Once upon a time, there was an athlete who was brave enough to tell the world how much of a failure he was:
“I’ve missed more than nine thousand shots in my career. I’ve lost almost three hundred games. Twenty-six times I’ve been trusted to take the game-winning shot and missed. I’ve failed over and over and over again in my life....”
And he continued,
“… and that is why I succeed .” 7
The athlete’s name is Michael Jordan, and for those of you who don’t know of him, well, he is only the greatest basketball player of all time.
Failure is the building block of success. Soichiro Honda famously said, “Success is 99 percent failure.” Thomas Watson said, “If you want to increase your success rate, double your failure rate.” There is even a popular Chinese proverb that says, “Failure is the mother of success.” (I would hate to be the mom in that family, though).
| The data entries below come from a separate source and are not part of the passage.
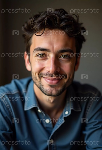 Под мягким освещением веселый молодой человек с вьющимися волосами и яркими глазами тепло улыбается. Его повседневная джинсовая рубашка предлагает расслабленную атмосферу и приглашает к общению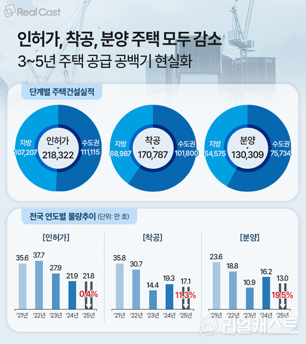 인허가, 착공, 분양의 동시 감소는 향후 5년 이내에 주택 공급 공백이 본격적으로 나타날 선행 지수로 볼 수 있습니다. 또한 수도권과 지방의 공급 불균형은 부동산 시장의 불균형으로 이어질 수 있습니다.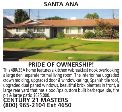 SANTA ANA PRIDE OF OWNERSHIP! This 4BR/3BA home features a kitchen w/breakfast nook overlooking a large den, separate formal living room. The interior has upgraded crown molding, upgraded door & window casings, Spanish tile roof, upgraded dual paned windows, beautiful brick planters in front, a large rear yard that has a pool/spa custom built barbeque isle, fire pit & large patio $625,000. CENTURY 21 MASTERS (800) 965-2104 Ext 4650

If you dislike failure, the story gets worse. If you want to do something new and innovative, you often need to feel stupid as well. This point was made by Nathan Myhrvold (talking about his friend Bill Gates but also making a general point about going outside the box):
Lewis and Clark were lost most of the time. If your idea of exploration is to always know where you are and to be inside your zone of competence, you don’t do wild new shit. You have to be confused, upset, think you’re stupid. If you’re not willing to do that, you can’t go outside the box . 8
Nathan Myhrvold completed his Ph.D. at the age of twenty-three. He was the chief technology officer at Microsoft and the founder of Microsoft Research. He was a prize-winning nature and wildlife photographer and master French chef, and he co-authored a bestselling book. He must be one of the most intelligent human beings on this earth. Even Bill Gates said, “I don’t know anyone I would say is smarter than Nathan.” Yet, even for Nathan Myhrvold and Bill Gates, innovating involves being “confused, upset, think[ing] you’re stupid.” Reading that quote made me feel better about myself because if even Nathan Myhrvold is capable of feeling stupid, I can excuse myself for doing so.